Fossil fuel divestment strategies: Financial and carbon-related consequences
This study examines financial and carbon-related impacts of fossil fuel divestment strategies. Empirical analysis of a Canadian stock index suggests ethical divestment reduces carbon exposure and performs as well or better than the benchmark.
Please login or join for free to read more.
OVERVIEW
Introduction
This study explores the financial and carbon-related effects of fossil fuel divestment strategies and compares them with the benchmark. The Canadian stock index TSX 260 for 5 years interval between 2011 and 2015 serves as the empirical analysis source. Empirical evidence shows that strategic divestment is more than just an ethical approach to investment. It can help to manage climate change-related, financial risks and at the same time, mitigate carbon footprint exposure.
Literature review
Many empirical studies on socially responsible investing (SRI) report mixed results. Some suggest it performs similarly to conventional investments, while others indicate lower financial performance. This report uses pesticide divestment strategies such as divesting from fossil fuel stocks and compares them to other divestment strategies.
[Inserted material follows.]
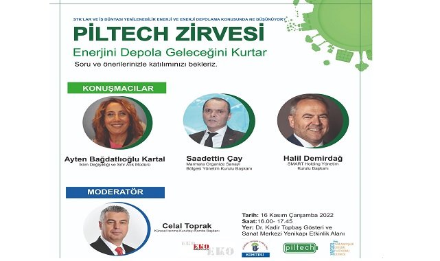 “Enerjinin Depolama Geleceğini Kurtar” başlığı ile 16 Kasım Çarşamba 2022 tarihlerinde Küresel Isınma Kurultay Komitesi ve Eko Fuarcılık tarafından düzenlenen Pil Teknolojileri ve Elektro-Mobilite PİLTECH etkinliğimiz Dr. Mimar Kadir Topbaş Gösteri ve Sanat Merkezi'nde yapılacak.
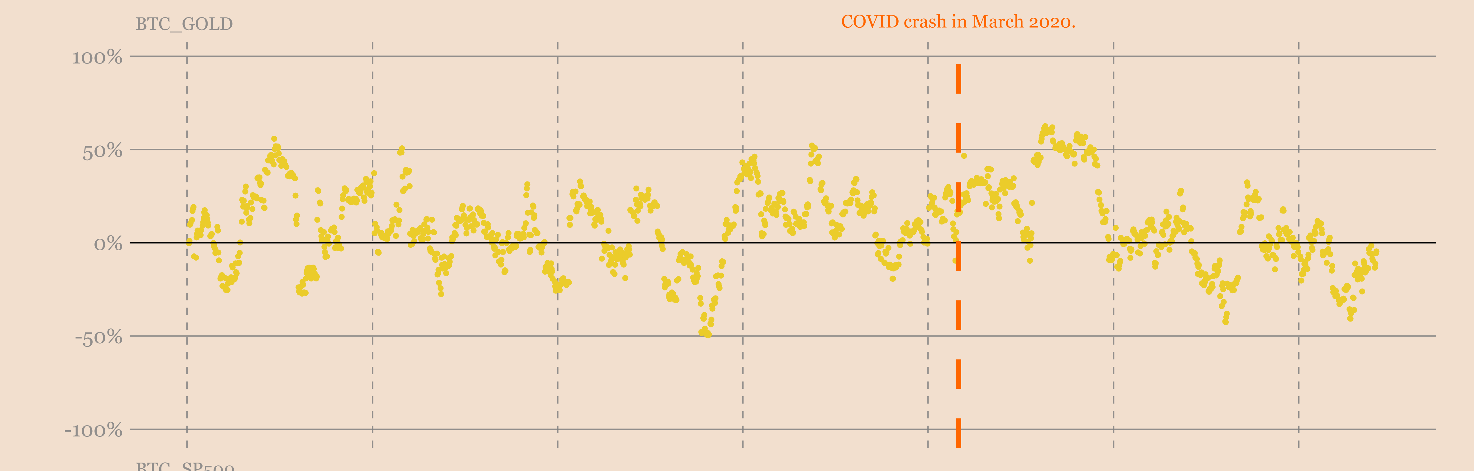 С золотом всё по-другому. Как правило, золото страдает меньше, чем рисковые активы, во время подобных событий, а также восстанавливается или даже начинает процветать гораздо раньше. В конечном счёте, это то, чего следовало бы ожидать от биткойна, если бы он вёл себя как способ сохранения капитала.

The results of this study demonstrate that divestment can increase risk-adjusted returns while also improving the carbon intensity of investor portfolios.
Methodology
This study uses the Carhart four-factor model, which analyses the financial performance of divestment portfolios. It compares their carbon intensity and addresses the connection between the two factors. The method applied involves calculating the carbon intensity of different investment strategies using carbon footprinting and analysing the fossil fuel exposure of each strategy.
Results
The study results show that fossil fuel divestment can help manage financial risks associated with climate change and reduce carbon exposure in portfolios compared with benchmarks. Stricter divestment strategies, excluding more fossil fuel stocks, result in higher risk-adjusted returns and less carbon intensity than those excluding fewer stocks. The study concludes that divestment is not only an ethical strategy but also an effective financial strategy.
Recommendations
The financial impact of fossil fuel divestment is highly contentious. This study provides evidence for investors and institutional asset managers considering divestment as an approach to manage financial, climate-change-related risks and carbon intensity in their portfolios. Investors should consider their specific investment goals and risk tolerance when evaluating divestment strategies. Additionally, the study suggests that divesting from the fossil fuel industry increases risk-adjusted returns and helps mitigate climate change-related financial risks.